August 30, 2007 / 7:25 PM / 12 years ago

Four killed in Jamaican political violence

By Horace Helps

KINGSTON, Aug 30 (Reuters) - A policeman, the chauffeur of an opposition party candidate and two others were killed in mounting political violence ahead of Jamaica’s general election next week, police said on Thursday.

Two new polls had the opposition Jamaica Labour Party surging ahead of Monday’s vote, in which the ruling People’s National Party is seeking a record fifth consecutive victory.

Portia Simpson Miller, the Caribbean nation’s first woman prime minister, is seeking her first election victory since taking the reins of the PNP last year when longtime prime minister P.J. Patterson stepped down.

Jamaica, a parliamentary democracy, has a long history of political violence, although it has tapered off in recent years.
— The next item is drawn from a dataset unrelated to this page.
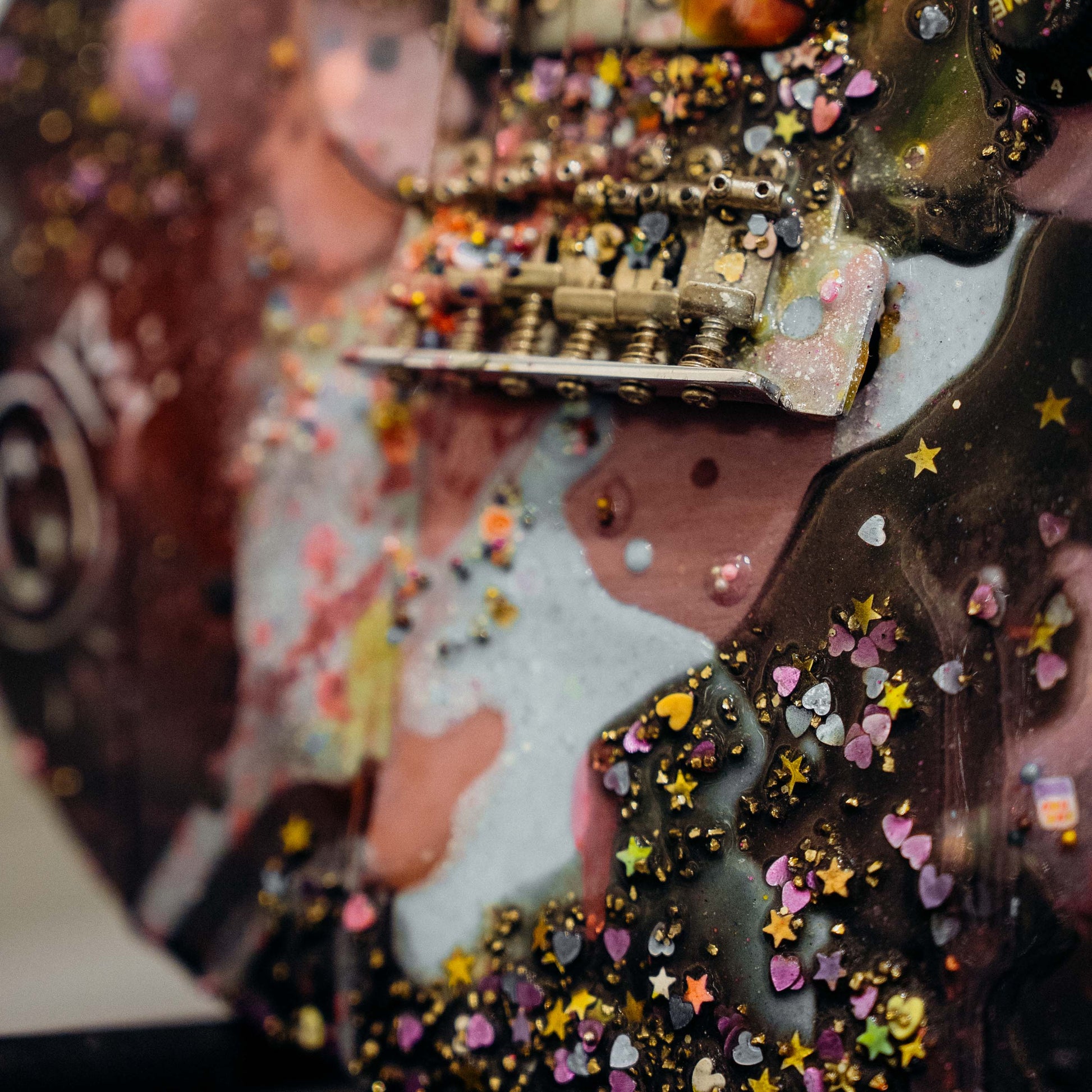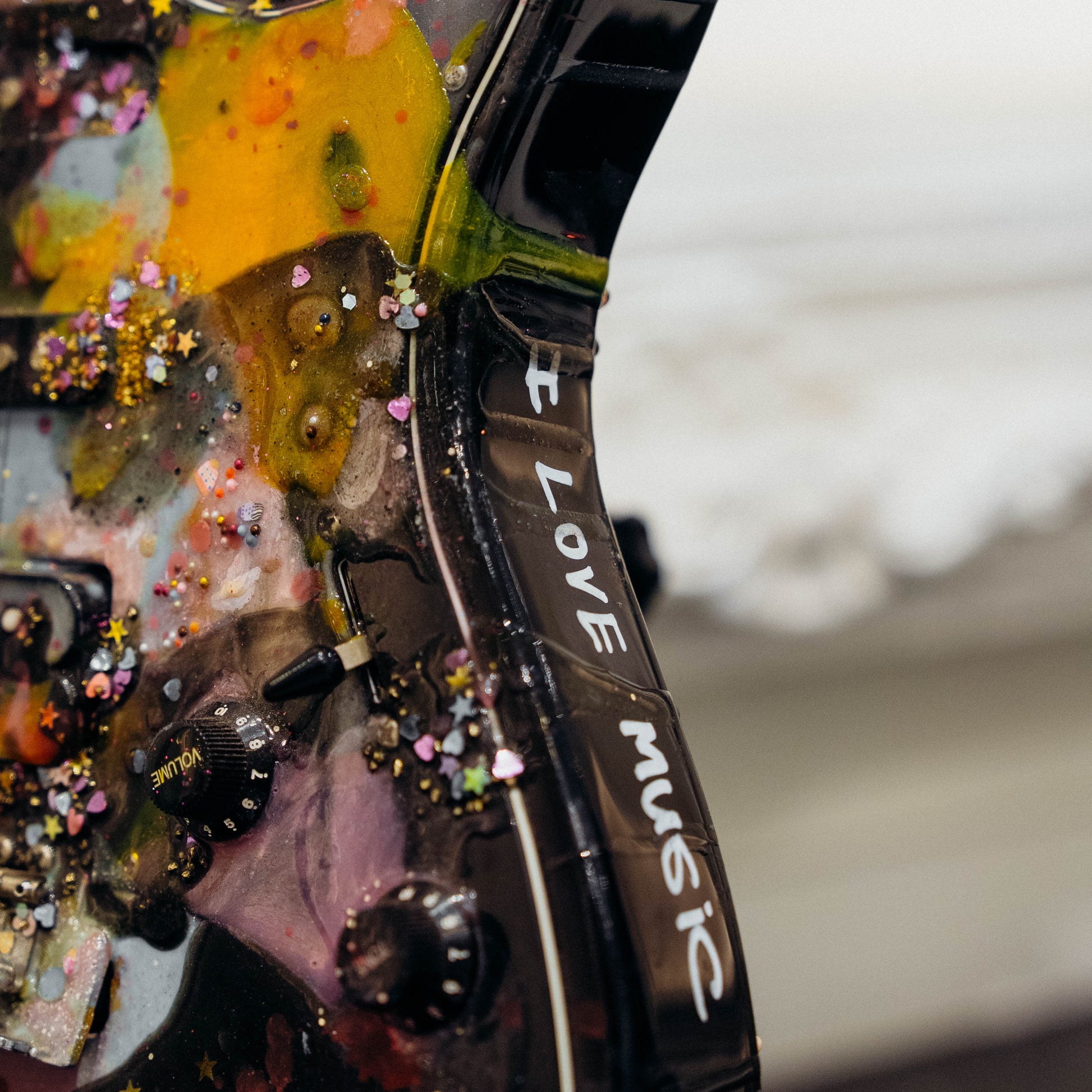 I found this guitar lying broken on a street corner on Melrose, right after a daytime shoot. It was cracked, split, and looked like it had been completely abandoned. But something about it spoke to me.

In 1980 nearly 900 people died in violence leading up to elections.

In July this year, police and soldiers were deployed to a volatile community near the capital to quell political shootings.

Police said Corporal Garrett Smith and a friend were shot dead by three gunmen who surprised patrons around midnight at a bar owned by a JLP municipal council member in the village of Fraser’s Content, in the central parish of St. Catherine.

Both men were JLP supporters and politics was the motive for the killings, police said.

In a separate incident, the chauffeur of a JLP St. Catherine candidate and a companion were killed by a group of men with high-powered weapons as they made their way from a campaign motorcade after midnight.

Police identified the chauffeur as Brandon Vernon, who drove for candidate Leslie Campbell.

Police also said two men and a woman were wounded when gunmen shot up a convoy led by a JLP candidate in the volatile eastern St. Andrew constituency Wednesday night. The candidate, St. Aubyn Bartlett, was not hurt.

The violence came as opinion polls indicated the election would be a close contest.

In a survey by pollster Bill Johnson published in the Gleaner newspaper on Thursday, the JLP led 42-38 percent over the PNP with a margin of error of plus or minus 5 percentage points.

A Don Anderson poll published by the Observer newspaper gave the PNP a slim lead over the JLP, with 41.3 percent to 40.3 percent. The margin of error was plus or minus 3 percentage points.

The Anderson poll, which has accurately predicted the outcome of elections since 1989, said the JLP was closing the gap rapidly.

"The PNP’s lead is now well below the margin of error, which puts both parties in a statistical dead heat," Anderson said.

Just over 1.3 million of Jamaica’s 2.8 million people were registered to vote for 60 parliamentary seats. The leader of the party that controls parliament becomes prime minister.